How do you define feminism?
I always have a hard time answering this question, because in my head, feminism is the way I live my life. I expect to be treated fairly and equally when interacting with my partner, my family, my friends, my co-workers, my students, and the world, regardless of the labels our society places on each of us. I don’t expect to be treated better, but I do expect for the world to realize the value that women bring to the table and acknowledge the hardships and work our gender has contributed. For me, feminism extends beyond women and encompasses the fight for human rights.

When did you first identify as a feminist?
I grew up in a conservative, rural GA family.

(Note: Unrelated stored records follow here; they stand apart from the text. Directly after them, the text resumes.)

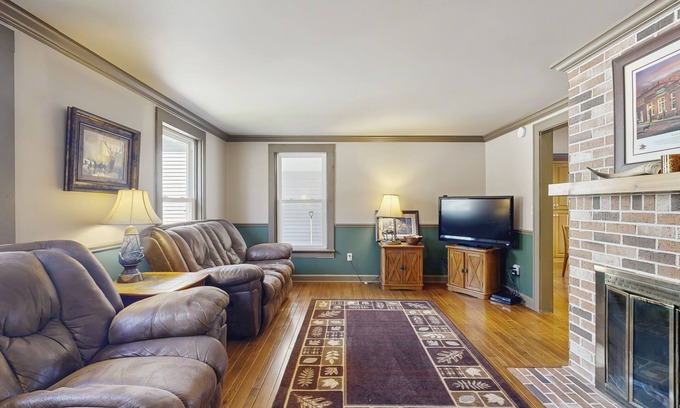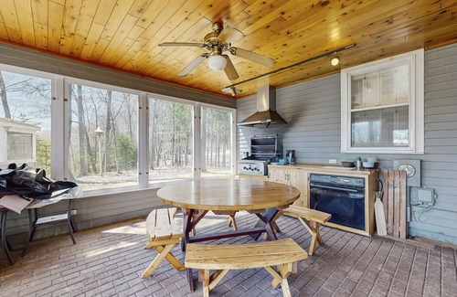 Wild Forest is a spacious, well-equipped home ready to be your home base for your next family trip to Harshaw! This two-story home is a dream come true for sports enthusiasts. On the first level, you'll see a spacious bedroom with one bathroom and a wet bar. You already can tell boredom has no place at this lakefront retreat. As you move up to the second level and central area, you'll find a fancy dining area and a well-equipped kitchen with gorgeous granite countertops, a kitchen island, and all the appliances and utensils needed to whip up memorable meals and snacks for the whole family. Continue your tour through the house and unwind in the living area, conveniently equipped with inviting sofas in front of the wood-burning fireplace and TV.
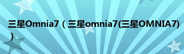 小鱼来为大家解答以下问题,三星Omnia7,三星omnia7(三星OMNIA7)很多人还不知道,现在让我们一起来看看吧!
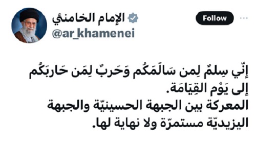 وهذا الكلام الذي عمره قرن من الزمان, عبّر عنه الدجال(خامنئي)بمنشور له سنة 2025, يؤكد فيه إن حربه ليست ضد إسرائيل ولا أمريكا, بل مع السُنة, الذين وصفهم بـ(جبهة يزيد), وإنها مستمرة ولا نهاية لها!!. وفي الاتجاه نفسه صرّح(علي باقري كني)وزير الخارجية الإيراني بالإنابة في 13-6-2024, خلال مؤتمر صحفي مشترك مع قاسم الأعرجي:(خلافنا مع أميركا يرجع للحصة التي خصّصوها لنا.. نحن لم نقبل بذلك، ونسعى للحصول على حصتنا في المنطقة)!!.
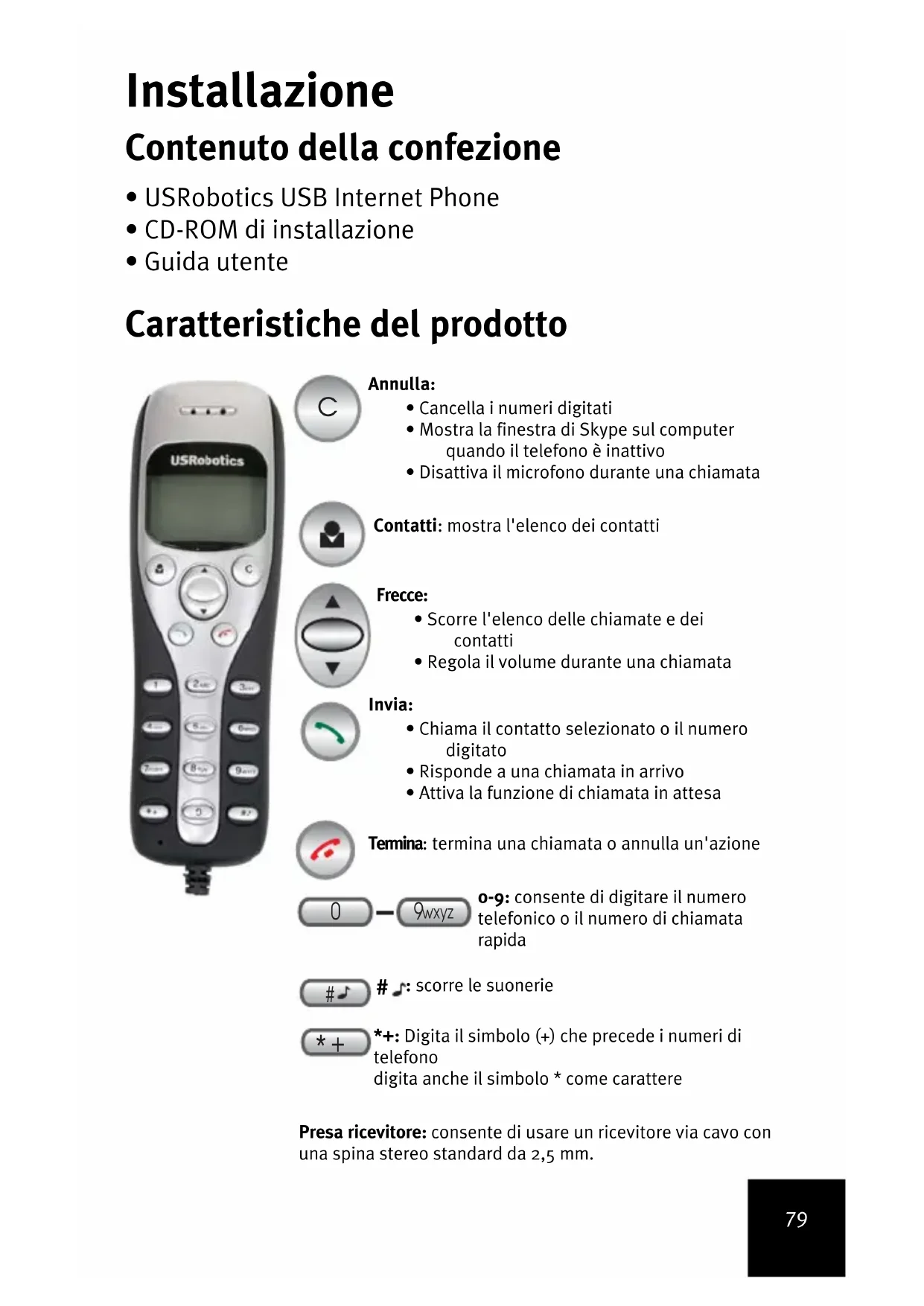Frecce: • Scorre l'elenco delle chiamate e dei contatti• Regola il volume durante una chiamata #80 Requisiti del sistema Per usare USRobotics USB Internet Phone e il servizio di telefonia Skype™ su Internet, il computer deve possedere i seguenti requisiti:
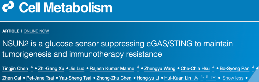 [1].Chen et al., NSUN2 is a glucose sensor suppressing cGAS/STING to maintain tumorigenesis and immunotherapy resistance, Cell Metabolism. 2023. doi: 10.1016/j.cmet.2023.07.009
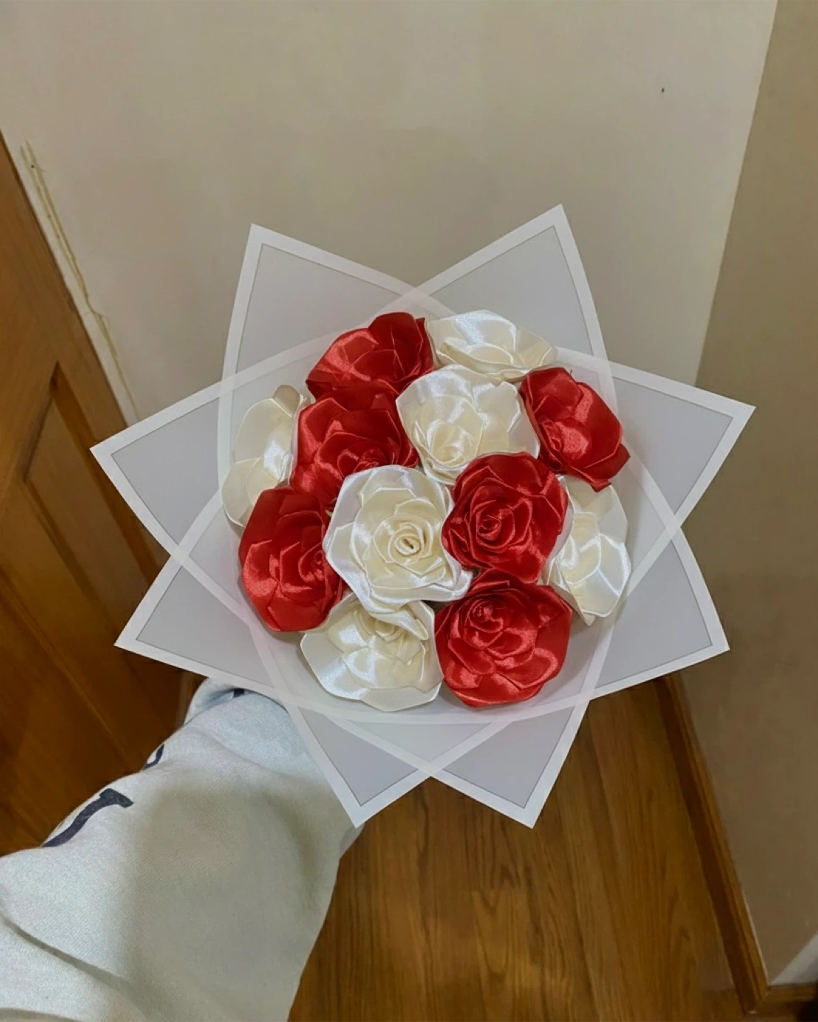 A lovely bouquet made with faux roses in red and cream satin. These artificial flowers are arranged in a decorative paper wrap. It's a charming decoration that won't wilt!
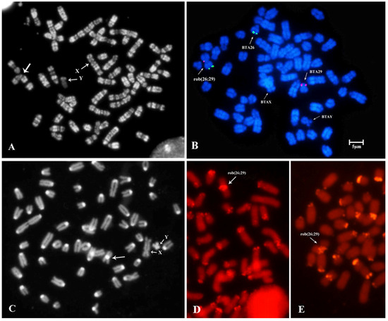 Rob(26;29) was originally discovered many years ago in the Alpine Grey cattle through studies conducted by Giovanni et al. and later confirmed by Meo et al. [4,5]. Notably, continuous early screening efforts have been ongoing since then, and remarkably, no carrier of this anomaly has been identified since 2006. It is intriguing that despite the passage of many generations, the anomaly has persisted as a dicentric structure. The NGS analysis of the reads’ distributions obtained from this study provides valuable insights into the chromosomal involvement in the anomaly. The results clearly demonstrate the presence of the BTA26 and BTA29 in the derivative chromosome (Figure 2). These findings were further substantiated through RBA- and CBA-banding and FISH-techniques with specific molecular markers (Figure 3A–E).
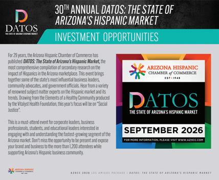 To promote the success of Hispanic-owned businesses by facilitating business relationships, economic development and sharing of knowledge for the benefit of the State of Arizona and the growth and success of the members of our Chamber.
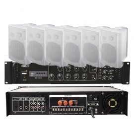 AMPLIFICATORE PROFESSIONALE MUSICALE 6 CASSE BIANCHE INCLUSE
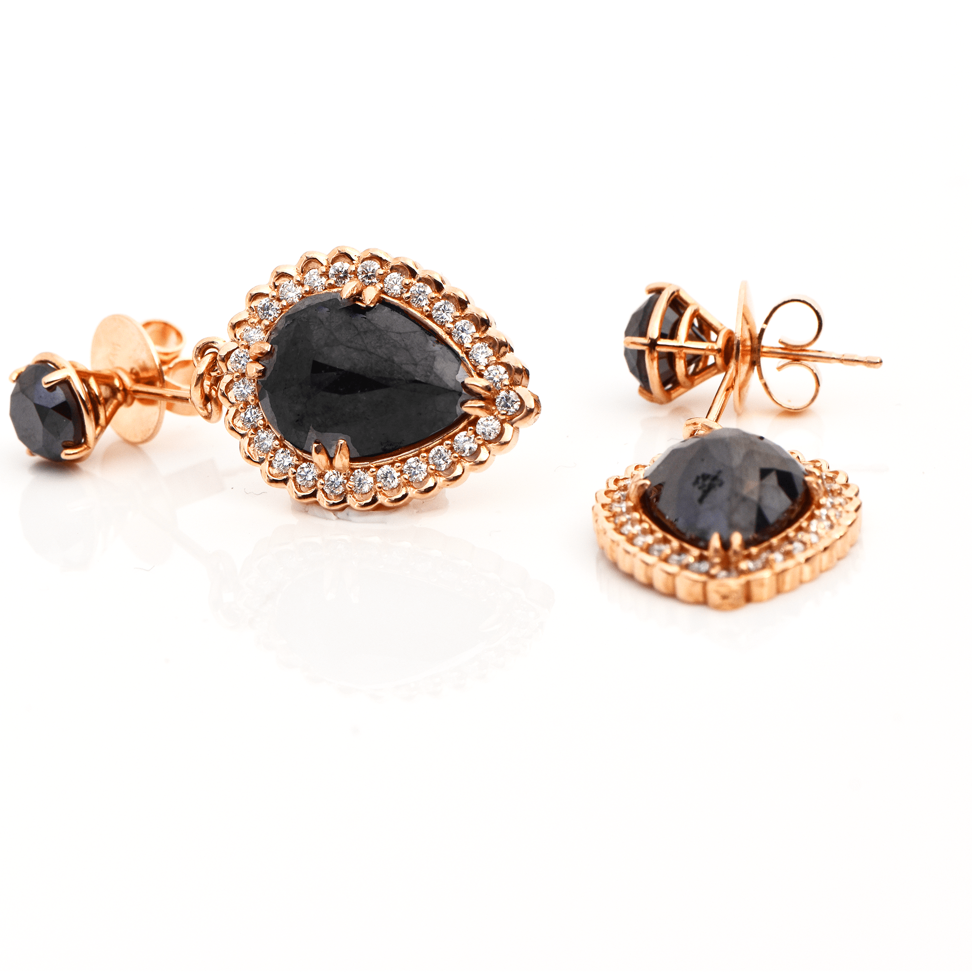 Everlasting Favor Earrings. They are created in 18-karat amber hue gold. They feature two matched pairs of round brilliants and pear-shaped diamonds with a combined weight of 9.57 carats, accented by fifty-two round brilliants ideal cut VVS - VS clarity D-F colorless diamonds for a total diamond weight of 10.21 carats, from our Signature Red Gold ® Collection.
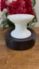 This elegant pair of vintage milk glass candle holders features a beautiful embossed swirl design and glossy white finish. Their pedestal base gives them a graceful profile—perfect for adding vintage charm to any mantel, dining table, or wedding display.
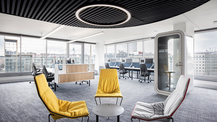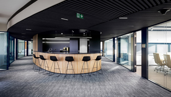 信托公司以信任委托為基礎,設計師在辦公室設計中,以信任、現代化、簡潔為辦公室設計關鍵詞,目的就是希望營造一個以信任為基礎的辦公空間。

Feminism was not a word mentioned in our household, even though my mother was an example of a 2nd wave feminist. Going to college meant driving 20 miles to a private Baptist institution. I didn’t even identify as a Christian, much less a Baptist, but that college kept me close to a high school sweetheart and provided a rich learning environment. I began taking business classes, because I was going to be an accountant. (PS. I hate math!) Finally, as an elective course, I took the introductory class in the Women Studies program. Needless to say, I had come home. People were speaking my language, and for the first time in my life, I felt like I was developing a vocabulary and theoretical basis for the bold, confident, socially conscience young woman that was beginning to emerge under the tutelage of some amazing professors and mentors.

Has your (definition of) feminism changed over time? How?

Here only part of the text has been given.